Tourist attraction in southwestern Albania

The Vivari Channel (Kanali i Butrintit, also known as Butrinto River) links Lake Butrint in the extreme south of Albania with the Straits of Corfu, and forms a border of the peninsula of Butrint.

The natural channel flows in both directions every six hours, from the lake to the sea and vice versa during the rising tide facilitating the access of saline waters into Lake Butrint.

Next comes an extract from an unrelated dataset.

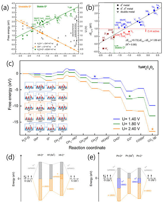 Hsieh et al. also supported the involvement of O* generated during the OER on an N-doped graphene material for methanol formation. Density functional theory (DFT) calculations indicated that the nitrogen atom in the vicinity of the active site stabilizes O* for C–H bond activation. The presence of active oxygen (O*) on the N-doped graphene led to a consistent electrode potential of 1.10 VSHE. Consequently, compared to O*-free N-doped graphene, active oxygen reduces the kinetic barrier energy of the rate-determining step (C–H bond activation) by 0.82 eV. This indicates the significant role of the anodic potential in the O* reactivity towards methanol formation. The activation of the C–H bond initiated by hydrogen transfer, coupled with the excitation of one electron from the O* lone pair to the surface π orbital, increased the radical character of O* for transferring hydrogen [55]. Similarly, Kang et al. provided important information for understanding the relationship between the stability of active oxygen species, C–H bond activation, and the selectivity of oxygenates. The O-terminated anode surface was predominant over the OH-terminated and metal-terminated surfaces under an applied potential. O* can accumulate on the surface of the catalysts when the lower limit of the electrochemical potential for O* formation is less than that of O*. Figure 9a indicates that the MXenes in the right leg of the volcano plot are suitable for CH4 oxidation, whereas those in the left leg favor OER. MXenes with a high proton affinity tend to stimulate the activation of the C–H bond, as indicated by the change in ΔEa,TS (C–H bond activation) for the ΔEOH* − ΔEO* (affinity energy of proton) that is presented in Figure 9b. In comparison to single-metal MXenes, bimetallic MXenes such as TaHf2C2O2 and CrHf2C2O2 can effectively perform CH4 conversion due to their low energy barriers for C–H activation. In the case of TaHfC2O2, the formation of a relatively stable intermediate species depends on the applied potential for TaHfC2O2. (Figure 9c). Additionally, TaHf2C2O2 favors the formation of oxygenates over hydrocarbons. The high tendency towards oxygenates can be attributed to the Hf–O bond being stronger than the Hf–C bond due to the small number of electrons in Hf (5d2) of TaHf2C2O2 (Figure 9d). Previous studies have reported that the formation of hydrocarbons, CO, and CO2 on metallic Pt can be explained by strong Pt and C interactions. As presented in Figure 9e, the number of electrons in the antibonding orbital of Pt–C was lower than that in Pt–O [56].

A pontoon is situated near the gate of the Butrint National Park. Two small forts, the Ali Pasha Castle and the Venetian Triangular Castle, are located near the mouth of the channel; both were built during the rule of Ali Pasha of Ioannina.

According to international organizations, the channel serves as the demarcation line where the Adriatic Sea ends and the Ionian Sea begins.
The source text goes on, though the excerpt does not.